§ DIRECTIONS: Please return exactly the lines from the beginning of the listing up to and including the line with "Mapa de cantidad", with no pictures.

§ COLLECTED MATERIAL:
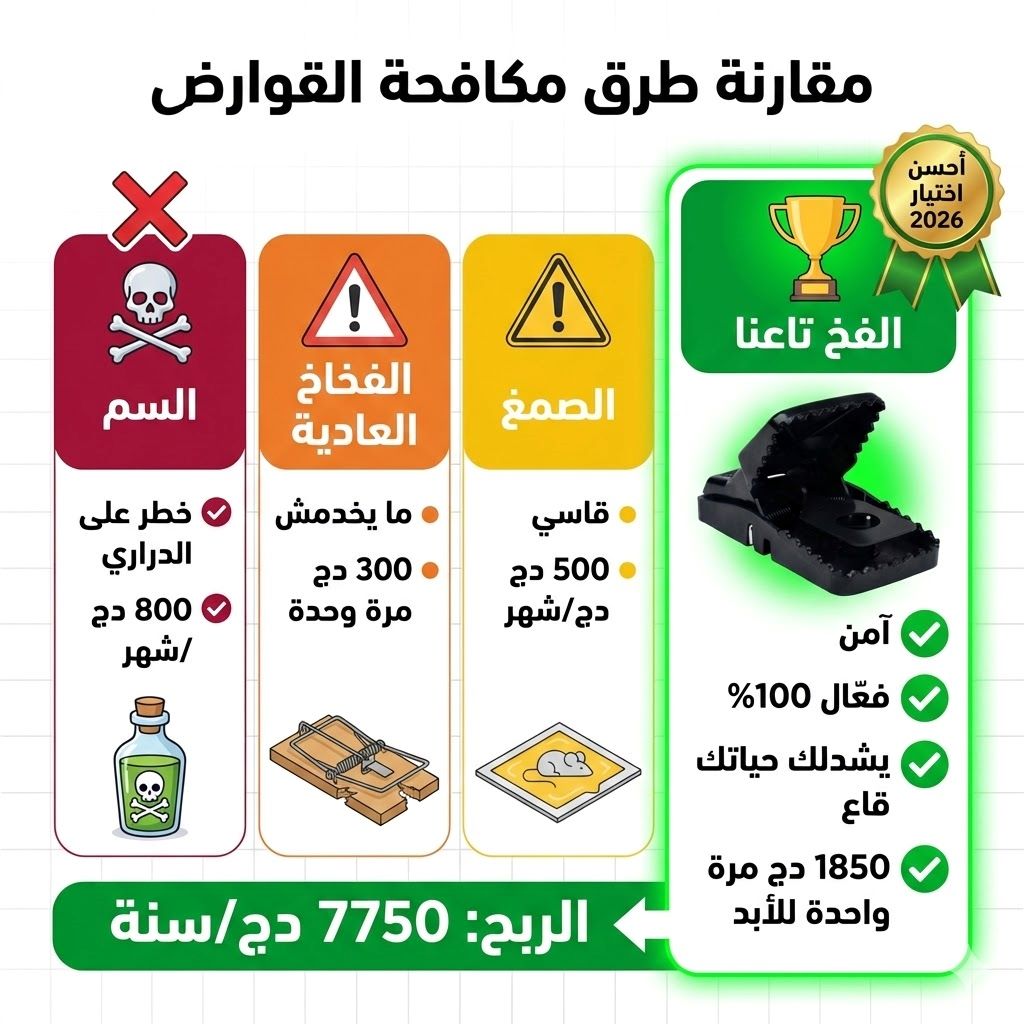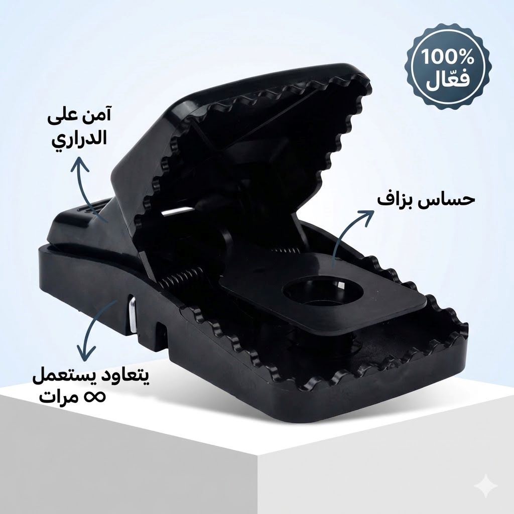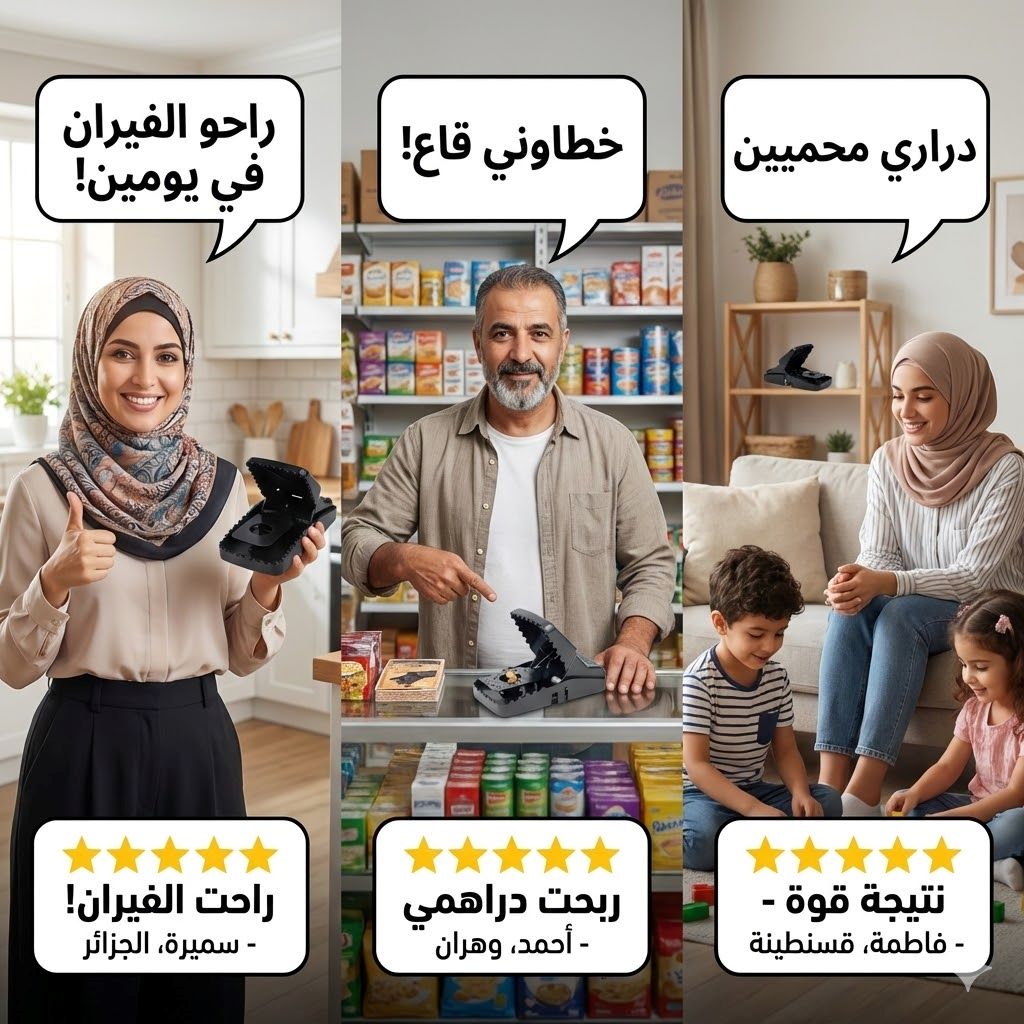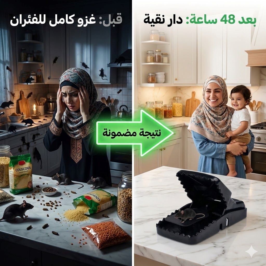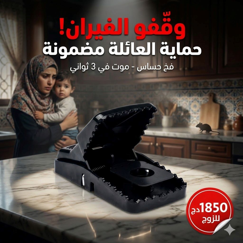 راك تعاني من الفيران 🐭 لي يهدمو الماكلة 🍞 ويخوّفو الدراري 👶؟ الحل جاك! الفخ تاعنا بتكنولوجيا الحساسية العالية يقضي على الفيران في 3️⃣ ثواني برك. بلا سم ☠️❌، بلا ريحة، بلا خطر على العايلة 👨👩👧👦✅
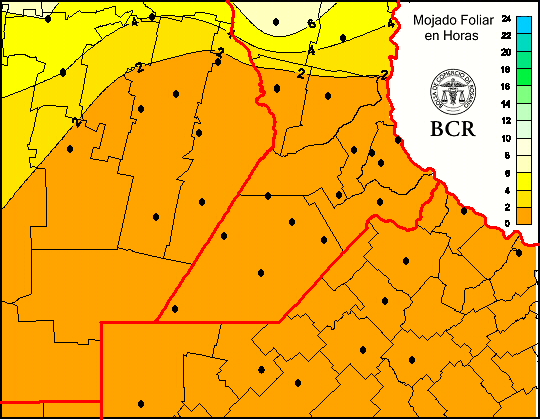 Mapa de cantidad de horas de mojado foliar en las últimas 24 horas.
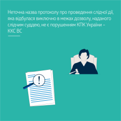 Втім, зі змісту цього протоколу та інших матеріалів провадження видно, що така слідча дія проводилася лише в службовому кабінеті без відома особи, тобто виключно в межах дозволу, наданого ухвалою слідчого судді. Тому те, що працівник поліції склав протокол з назвою «Про результати здійснення аудіо, відео контролю особи» замість «Про результати здійснення аудіо, відео контролю місця», не є порушенням вимог КПК України,  яке в силу положень ст. 412 КПК України можна визнати істотним і яке перешкодило чи могло перешкодити суду ухвалити законне та обґрунтоване судове рішення.
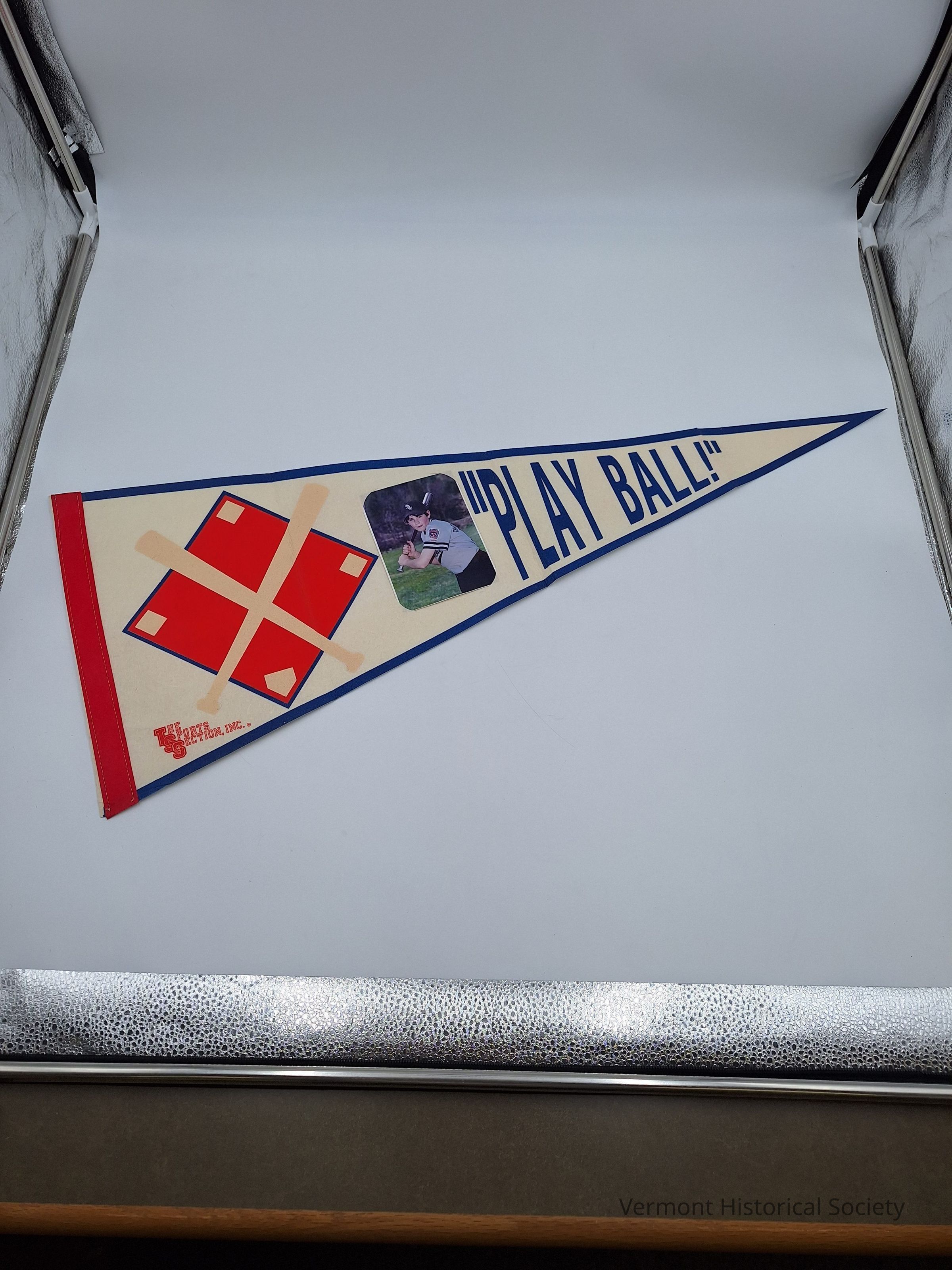 Stiffened felt banner. The banner has a white ground with red felt stitched vertical seam on the wide end and printed bright blue border on the long sides. The banner has a red baseball diamond outlined in blue with two baseball bats crossed over it, a photograph of Kenny Lindner in his Waterbury White Sox uniform in batting stance, and "PLAY BALL!" printed in blue from left to right.Acquisition

§ THE ANSWER:
 راك تعاني من الفيران 🐭 لي يهدمو الماكلة 🍞 ويخوّفو الدراري 👶؟ الحل جاك! الفخ تاعنا بتكنولوجيا الحساسية العالية يقضي على الفيران في 3️⃣ ثواني برك. بلا سم ☠️❌، بلا ريحة، بلا خطر على العايلة 👨👩👧👦✅
 Mapa de cantidad de horas de mojado foliar en las últimas 24 horas.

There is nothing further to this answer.